To understand the dynamics of how file system calls operate with the above data structures, let us consider an example. Suppose a process executes a Write into the open instance of a file. The Write system call uses the file descriptor (received as input argument) to find the index of the open file table entry corresponding to the descriptor. From the open file table entry, Write gets the seek pointer (using open file table) and index of the the inode table entry for the file. Next it locks the Inode (using Acquire Inode function of the Resource Manager Module). It then determines the disk block to which data must be written (using the seek position and the Inode table entry of the file). Now, Write invokes the Buffered Write function of File Manager Module to perform the write.
Buffered Write first calculates the buffer number corresponding to the block number and locks the buffer (invoking the Acquire Buffer function of the Resource Manager Module). It then checks whether the disk block to be written into is already present in the buffer. If not, the disk block has to be loaded first into the buffer. However, if the buffer is currently containing another disk block and if the disk block is dirty, then the disk block must be written back first. The buffer table entry for the buffer will help Buffered Write to determine whether the buffer is free, or if not free whether write back is required. Write Back is performed using the Disk Store function of the Device Manager Module. (Disk Store function makes another resource lock - calls the Acquire Disk function of the Resource Manager Module before disk commit is done).
Finally, after getting the buffer page free for use, Buffered Write brings the required disk block into the buffer page using the Disk Load function of the Device Manager Module. Now Buffered Write can write the data into the buffer. Since the contents of the block has been modified, Buffered Write sets the dirty bit in the buffer table entry for the buffer. Note that Write does not store the modified buffer back to the disk. The modifications are committed only when a subsequent write operation requires the buffer to be loaded with a different disk block. The OS also commits back all dirty buffers to the disk before shutdown.
A Read operation is similar, except that the dirty bit is not set as the page is not modified.
The execution of Read/Write system calls involves a sequence of resource acquisitions - namely inode, buffer and disk. The resources are acquired in the order Inode-buffer-disk and must be released in the reverse order when the actions are completed. This avoids circular wait - a sufficient condition for deadlock prevention.

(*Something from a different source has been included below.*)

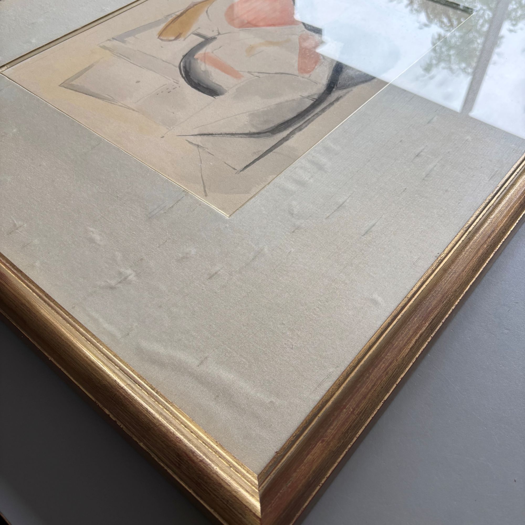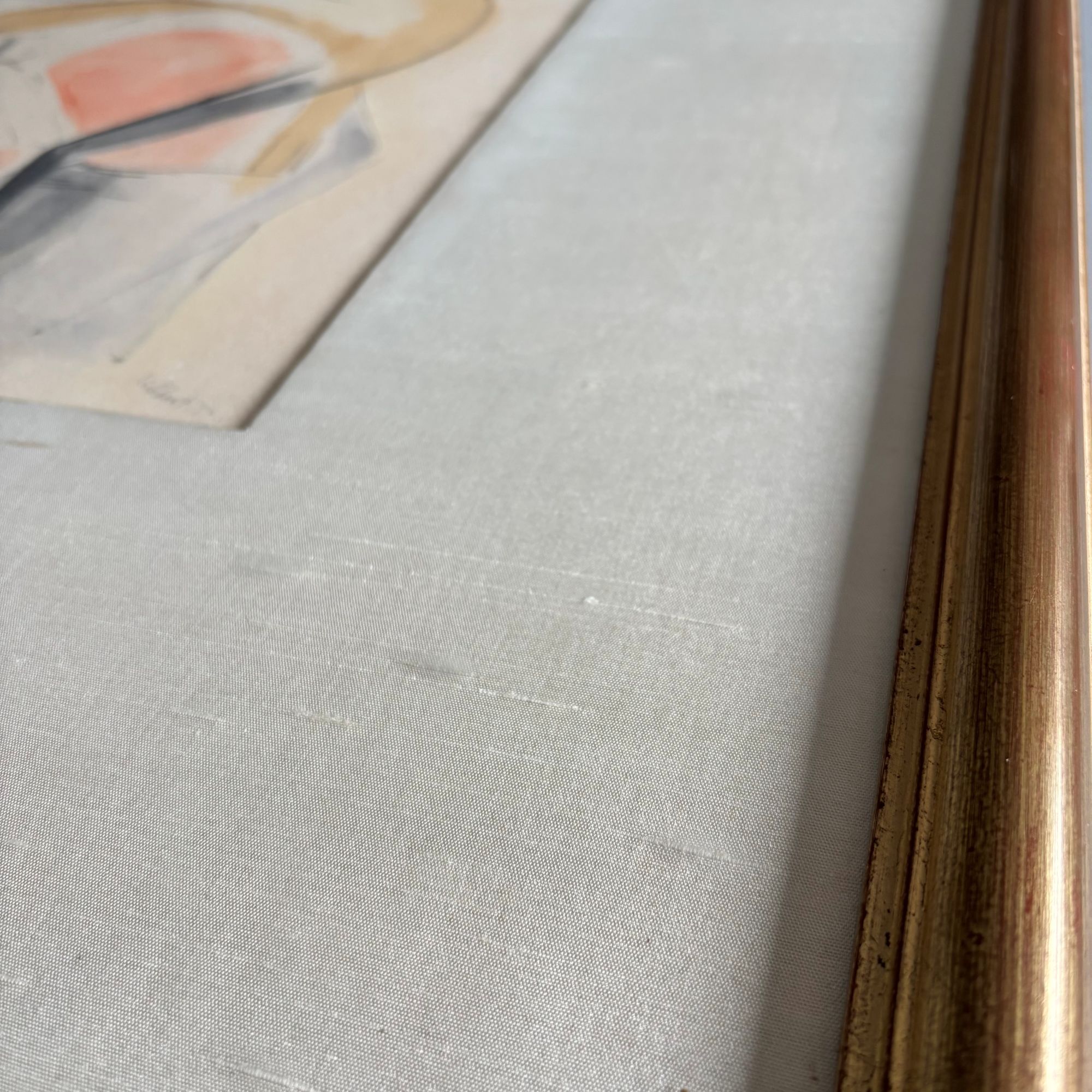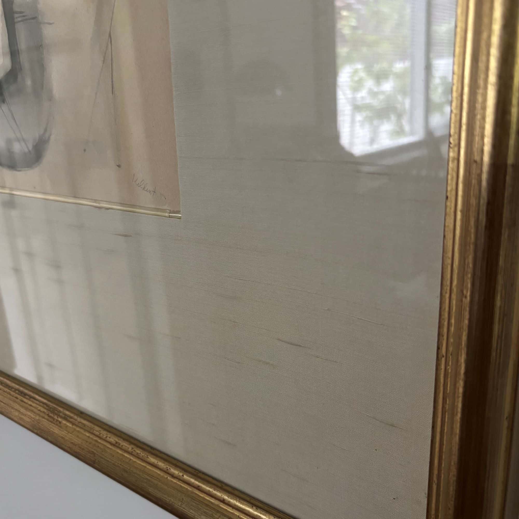 Nicely framed with a passe-partout made of a very light blue silk fabric.

Finally, the OS maintains an in-memory copy of all the disk data structures - viz., inode table, user table, root file and the disk free list. While the OS is running, a new user could be created or a file could be created/modified/deleted. In such cases, the update is made into the memory copy of the corresponding data structures and not the disk copy.
The OS must write back the memory copy of all disk data structures and all dirty buffers to the disk before the system is shutdown. The file system implementation described here is not crash resilient. This means, if the OS crashes before (or during) such write back, the memory-copy to disk updates may be partial and the disk data structures may end up in inconsistent state. In such case, one or more files may be corrupted and the disk may require reformatting.